In 1987, Wilson started the PBS show Sit and Be Fit which includes a variety of exercises for the elderly and people with limited mobility. The show revolves around exercises that can be done while sitting in or using a chair, with little effort.

==Early life and career==
Wilson began her career as a registered nurse specializing in geriatrics and post-polio rehabilitation. In 1985, while teaching an aerobics class, she noticed her older adult clients suffering a high incidence of injury and attrition. In response, she designed a gentle program tailored to their needs.

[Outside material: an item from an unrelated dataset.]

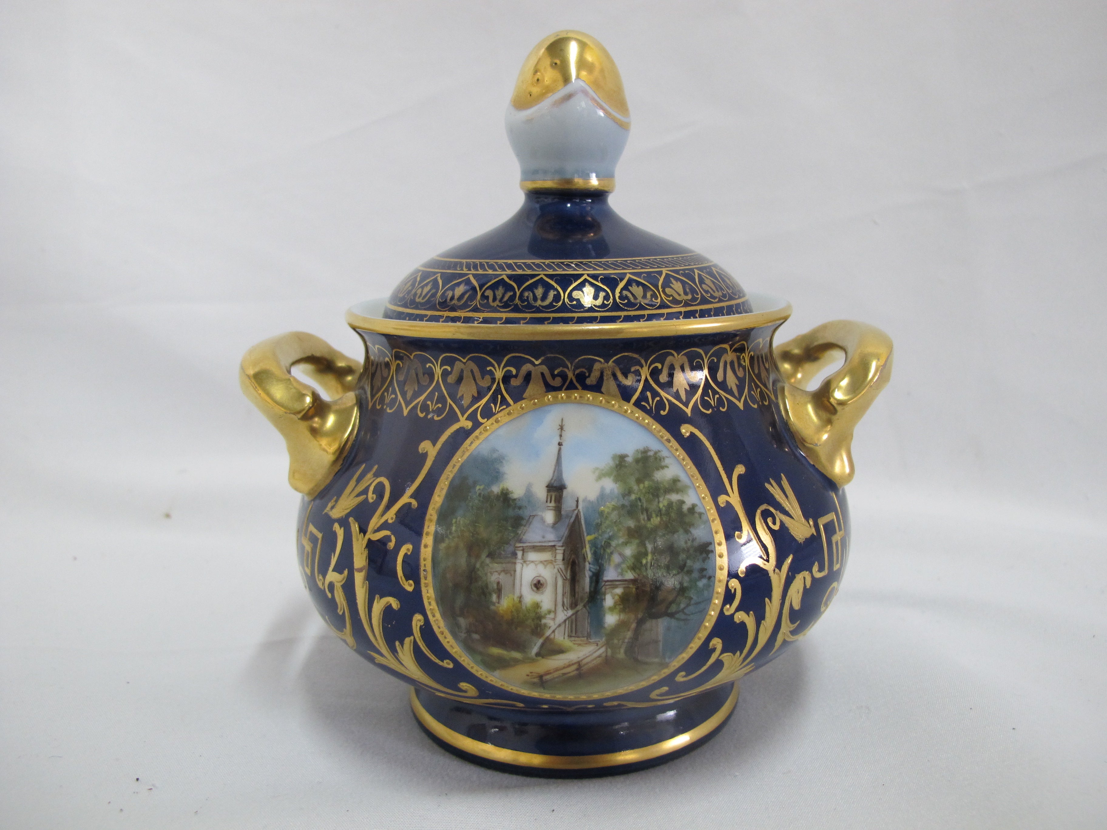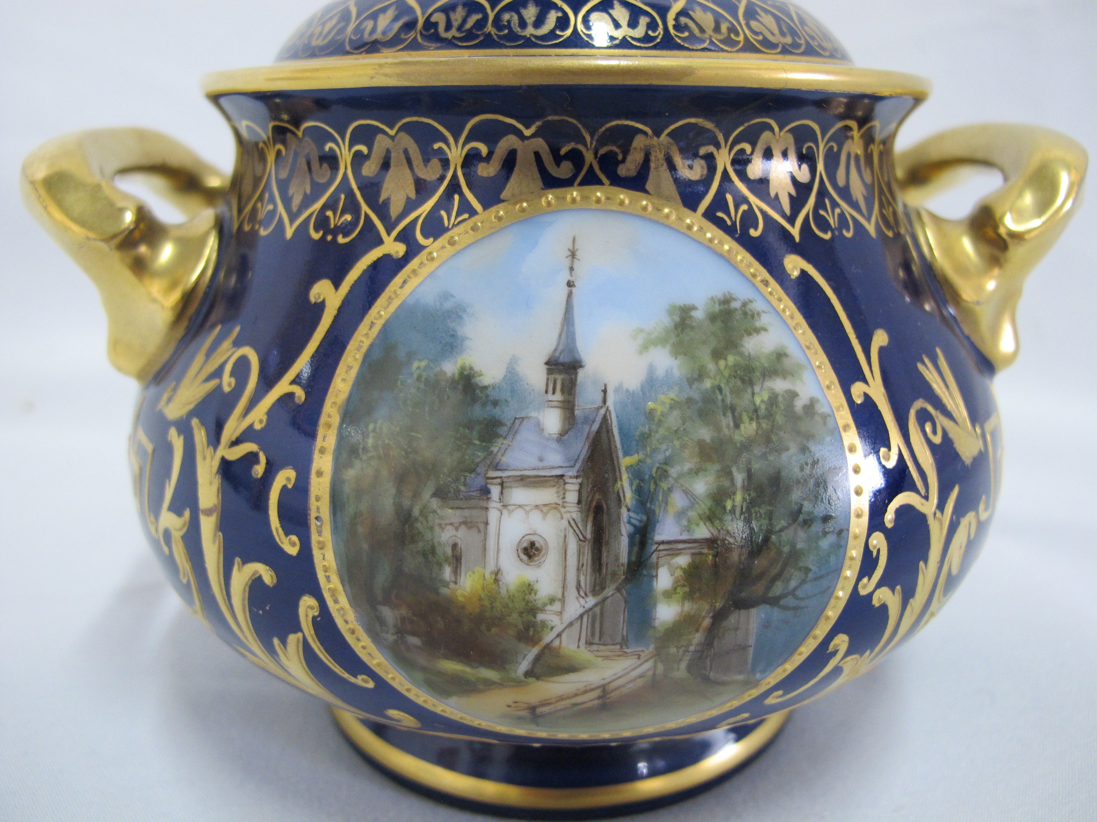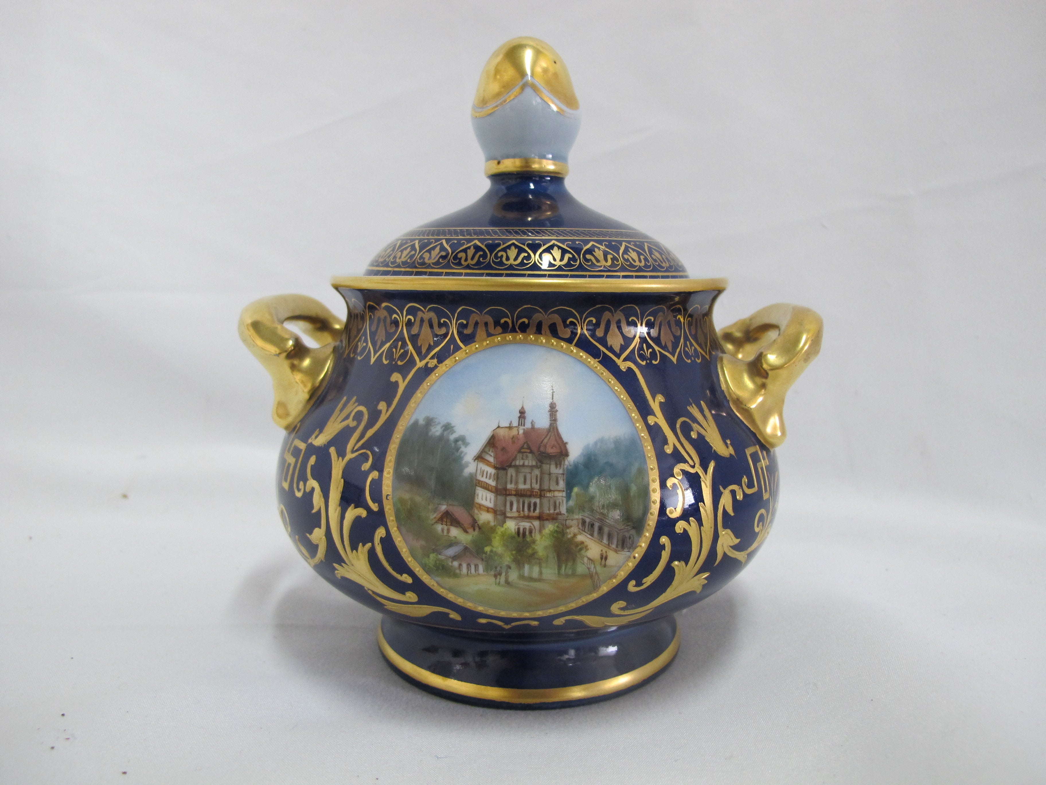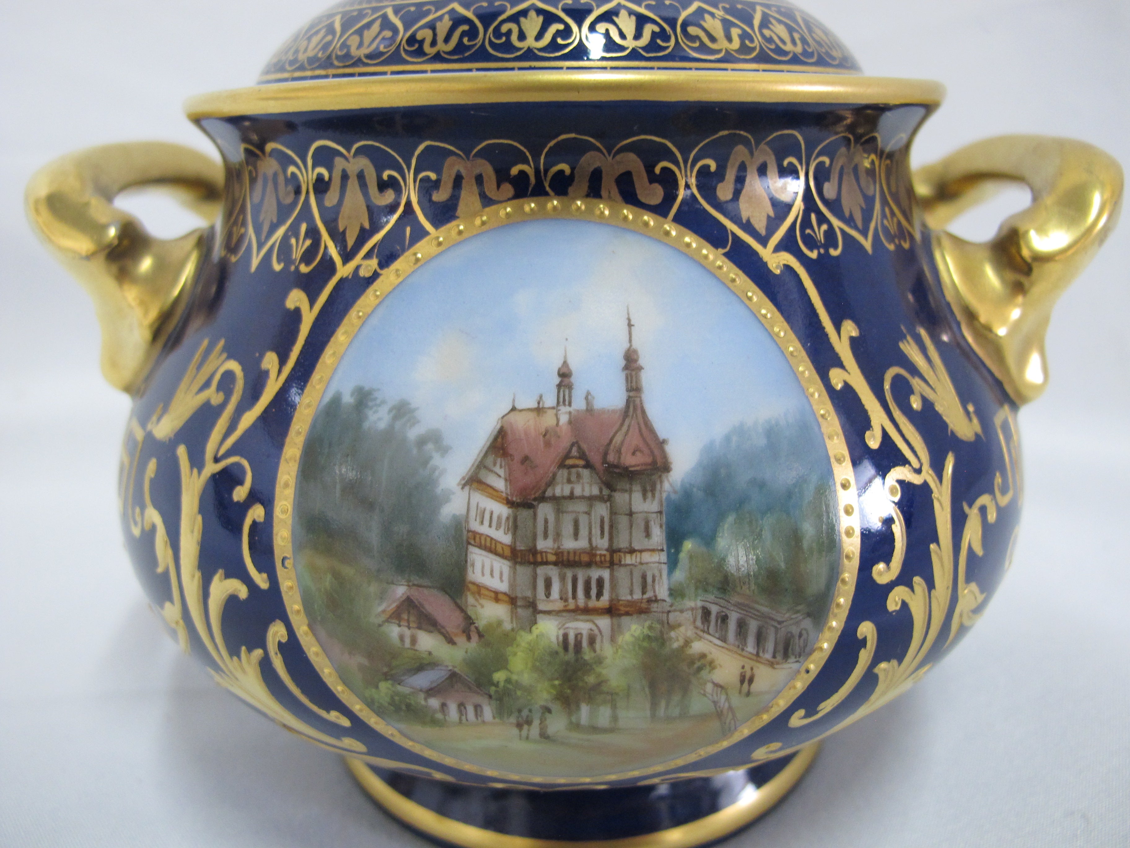 19th century, Karlsbad Hermann Voigt, Bohemia porcelain sugar bowl with lid. Cobalt blue with ornate gilt accents and finely hand painted architectural landscape showing 2 churches, Marien Kapelle and Tayer Haus (as marked on base). Absolutely stunning.

As students began reporting marked improvement in their physical and mental health, Wilson became convinced that there was a need for this type of exercise program on a national level. In 1987, KSPS-TV agreed to produce her Sit and Be Fit television series and distributed the first 30 episodes nationwide. Sit and Be Fit has aired regularly on PBS stations nationwide ever since.

Wilson was the author of several health and fitness publications, including Chair Exercise Basics and was featured in columns on health in the aging community. She educated healthcare and fitness professionals at national and international health conferences.

In 2017, she was inducted into the National Fitness Hall of Fame.

Wilson's activities and history included:
- Registered Nurse
- Executive Producer/Host, SIT AND BE FIT television series
- Executive Director/Founder, SIT AND BE FIT non-profit organization
- Nationally certified by American Council on Exercise
- Member, ASA (American Society on Aging)
- Member, NCOA (National Council on the Aging)
- Member, SFA (American Senior Fitness Association) National Advisory Board
- Member, FEOAA (Fitness Educators Of Active Adults)
- Presenter, IDEA Conventions: 1987, 1988, 1989, 1991, 1995, 1996
- Presenter, 1st International Conference, Prevention: the Key Health for Life, 1994
- Presenter, 4th International Congress, Physical Activity, Aging and Sports, Heidelberg, Germany, 1996

==Personal life and death==
Wilson and her daughter, Gretchen Wilson, who produces and directs the Sit and Be Fit programs her mother hosted, also appear together in the Boomer Be Fit DVD, which Wilson hosts. They resided in Spokane, Washington, where both the Sit and Be Fit TV program and the SABF organization, which is non-profit, are based.

Wilson died in her sleep on November 5, 2025, at the age of 87 from hypertensive atherosclerotic cardiovascular disease at her home in Spokane, Washington.